WASHINGTON – Prisoners’ rights to confidential communication with their attorneys includes the right to watch jailers open some mail in front of them to make sure it’s not being read, a federal appeals court ruled Friday.
A three-judge panel of the 9th U.S. Circuit Court of Appeals said a lower court was wrong to dismiss Nick Mangiaracina’s lawsuit that charged Maricopa County officials with opening his case-related mail outside his presence.
Attorneys for the county did not immediately return requests for comment or declined comment on the case. But an official with the Prison Law Office in Berkeley, California, welcomed the ruling, which he said sets an important standard.
“Jails and prisons now have to make sure that when a correctional officer is opening legal mail, they have to do it in front of the prisoner to make sure that the mail is not read,” said Don Specter, executive director of the Prison Law Office.
“In prison, often the only way for prisoners to communicate confidentially with their lawyers is by mail, so that’s why it was such an important ruling,” he said.
Mangiaracina had seven criminal cases pending while he was being held in Maricopa County’s Fourth Avenue Jail. But he said he feared he could not privately discuss those cases with his attorney because his mail was being opened.
He said his “right to confidentiality and privacy was violated” and sued for violations of his First and Sixth Amendment rights.
While guards can open mail to look for contraband, the Maricopa County jail has a stated policy that it will only open mail related to legal matters in the presence of the inmate receiving the mail.
Mangiaracina’s suit cited nine separate instances from 2011 to 2013 in which he said his mail was delivered to him taped or stapled closed after being opened somewhere between its delivery to the prison mail room and his cell.

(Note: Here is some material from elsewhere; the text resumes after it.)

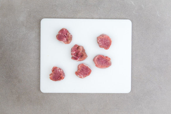 Das Fleisch trocken tupfen, ggf. von Sehnen befreien und in 10–12 Medaillons schneiden.
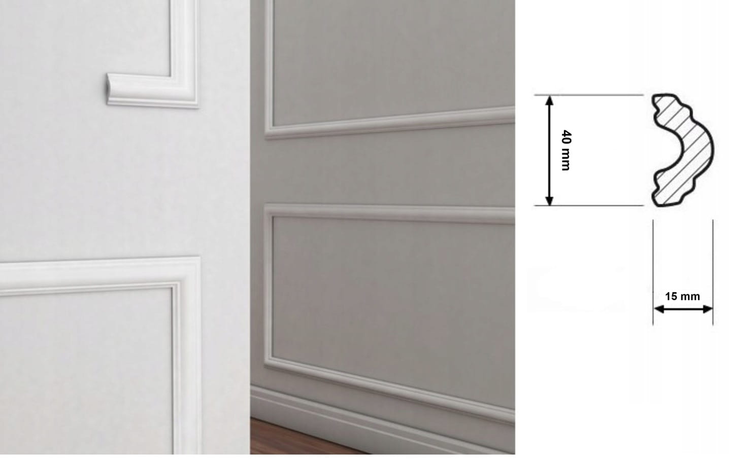 Listwy przypodłogowe oraz przysufitowe wykonane są z polistyrenu.

In at least two of the instances, he filed grievances with the prison, complaining that his mail had been opened when he was not present.
The opinion by Circuit Judge Richard A. Paez said Mangiaracina was told by jail officials that the mailroom keeps track of any mail that is opened or damaged when it arrives, and all of his mail was sealed upon arrival.
There was no explanation as to how or why Mangiaracina’s mail was opened between its receipt at the jail and delivery to him. But Mangiaracina said one officer told him that guards could open any mail without notifying the prisoners, that opening mail from attorneys in front of the prisoners was a courtesy, not a requirement.
But the appeals court panel cited other circuits that said confidential communication between prisoners and attorneys is an “integral component of the judicial process.” The court said there are no security reasons to prevent a prisoner from being there when the mail is inspected to ensure that his mail is not being read.
Circuit Judge Jay S. Bybee said in a concurrence that he agreed with the panel’s finding that prisoners have that right to be present when mail from their attorneys is opened. But he wanted to make clear that for a lawsuit to be brought, the actions by prison officials must be “intentional, not merely negligent, acts depriving a party of his constitutional rights.”
Mangiaracina has not shown that the mail opening was intentional, but his case should be allowed to go forward, Bybee said. “He may or may not be able to prove his claim, but he has said just enough to get the opportunity,” he wrote.
Harry Williams, Mangiaracina’s attorney, said he was excited about the opinion because it has clarified a legal principle never before decided by the circuit, clarifying the issue for future cases.
“It establishes an important right,” Williams said. “That a prisoner must be able to communicate with their attorney without the government listening in, and that the government will face consequences if it tries to interrupt those communications.”